Trump’s pathetic plan for Palestine
President Donald Trump’s long-promised “peace plan” for the Middle East, supposedly devised by his son-in-law Jared Kushner, has finally been delivered three years into his presidency. The result? Further proof of this administration’s ineptitude in dealing with foreign affairs.
To be fair, I could have just as easily described the plan as emblematic of “America’s ineptitude” in the Middle East and Israel/Palestine, in particular. The history of successive American presidents banging their heads against the wall trying to solve the conflict backs up that argument.
But Mr. Trump clearly sees the Israel-Palestine conflict, as he sees so many things, as fodder for scooping up more money and votes.
Like Ukraine, which I wrote about last week, the Palestinians made another easy target for Mr. Trump. He could manipulate their pinched position to help himself politically without much blowback. After all, relatively few Americans are overcome with concern for the stateless Palestinians.
Mr. Trump’s “plan” for the Palestinians is a joke. Mr. Kushner’s team did not even meet with the Palestinians. Instead, the United States, under Mr. Trump’s inept leadership, has continually stuck its fingers in the Palestinians’ eyes.
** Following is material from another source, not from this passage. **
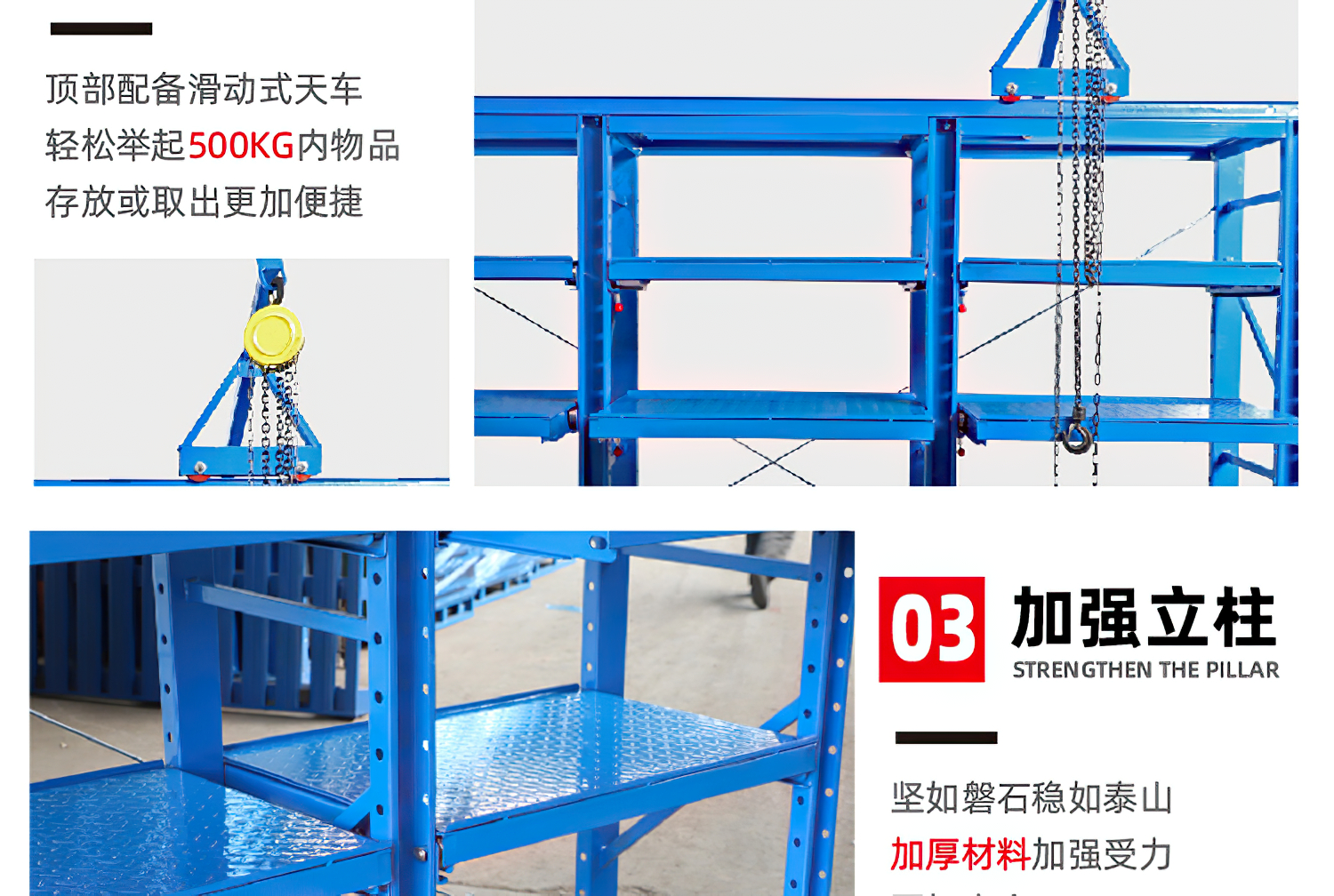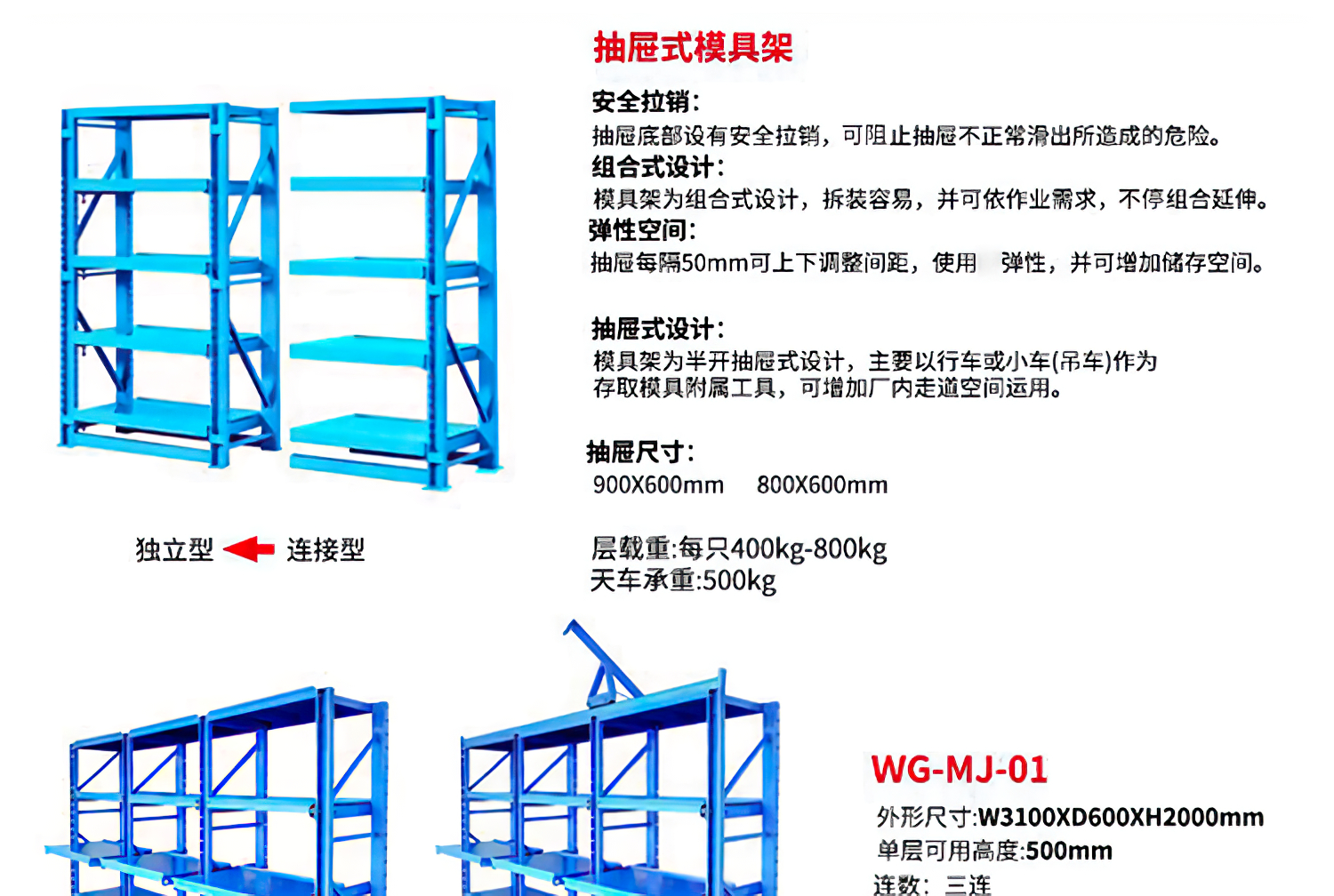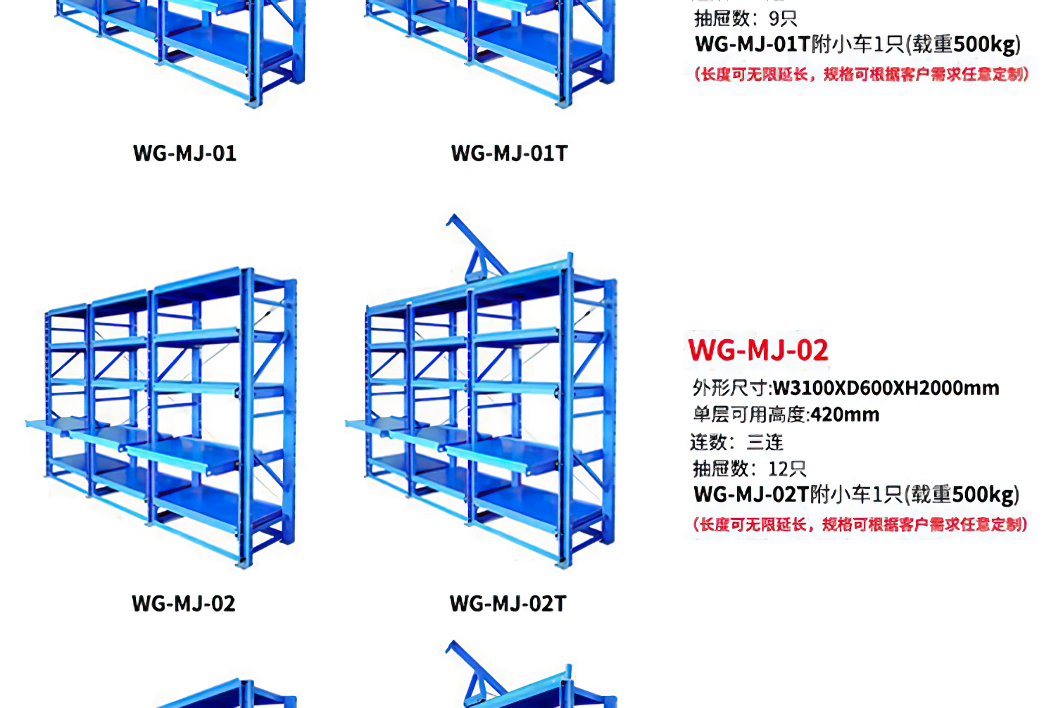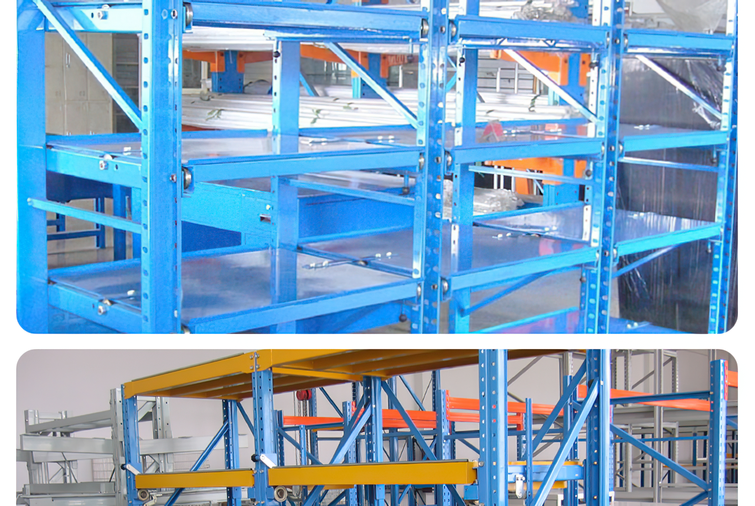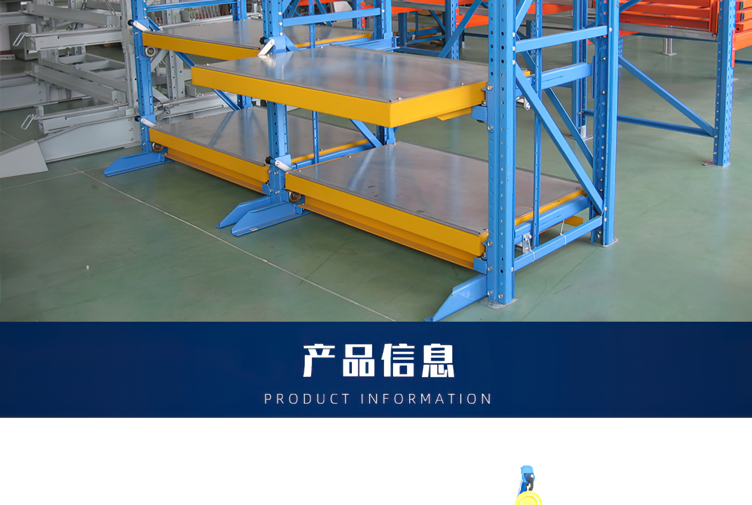 抽屜式貨架通常用于存放模具等重物,無需叉車,頂部可配置移動葫蘆車(手拉或電動),可實現(xiàn)模具的起吊,抽屜板底部都設(shè)有滾輪軌道,抽屜板承載后仍能自由的拉動,附加定位保險裝置。滾輪軌道是用模具一體成型,精度極高,有極高裝配精度,所以滾輪使用壽命大大延長并且使用時拉出或推入很省力。貨架高度一般在2.5m以下,除頂層外均可設(shè)計制作成抽屜式結(jié)構(gòu),可輕松抽出1000kg/層以內(nèi)的重物,輔之以行車或吊葫蘆,輕松實現(xiàn)貨物的存取作業(yè)。

The administration moved the American Embassy from Tel Aviv to Jerusalem, a city the Palestinians hoped to one day call their capital. The administration also acknowledged Israel’s claim to an occupied portion of the Golan Heights. Now, just in time to help Israeli Prime Minister Benjamin Netanyahu avoid jail time for corruption charges and possibly secure re-election in
Israel’s March 2 elections comes the Trump administration’s peace plan, which would endorse Israeli plans to annex Palestinian settlements in the West Bank.
The administration’s map of its proposed Palestinian state, chopped into noncontiguous pieces, looks familiar to me, having watched the white South Africans try to sell the nonwhite South Africans and the world on tribal “homelands,” as opposed to agreeing to majority rule. These areas included Bophuthatswana, Ciskei and other pieces of generally undesirable land — no diamonds, no gold, no water, etc. — that the Africans were supposed to attach themselves to in place of a whole South Africa. President Ronald Reagan liked the idea. The Africans and many Americans did not, and it eventually got scrapped after a vigorous opposition (some of which came from within the vicious, depraved “deep state”).
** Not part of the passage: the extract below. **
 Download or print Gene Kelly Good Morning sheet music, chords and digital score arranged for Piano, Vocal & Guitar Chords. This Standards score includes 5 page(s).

Now it’s the Palestinians who are being offered a raw deal by an American administration devoid of both a sense of justice and a reasonable comprehension of Middle Eastern politics.
The Palestinians have already rejected the plan. The Americans and Israelis had hoped the Sunni Muslim Arab states of the area would buy into the plan as the Sunnis’ ally with Israel in the struggle against Iran. No luck with that, though. The Arab League has also already rejected the Trump proposal.
Who knows how the plan will impact the U.S. presidential election later in the year. If I had to guess, I would say its impact will be minimal. The Israel-Palestine issue is probably far too complicated, with far too much history behind it, for it to serve as a frontline American electoral issue.
But that won’t stop most Americans from recognizing that Mr. Trump’s plan for Israel and Palestine is not going to work, just as they can recognize the seamy motivation behind its structure.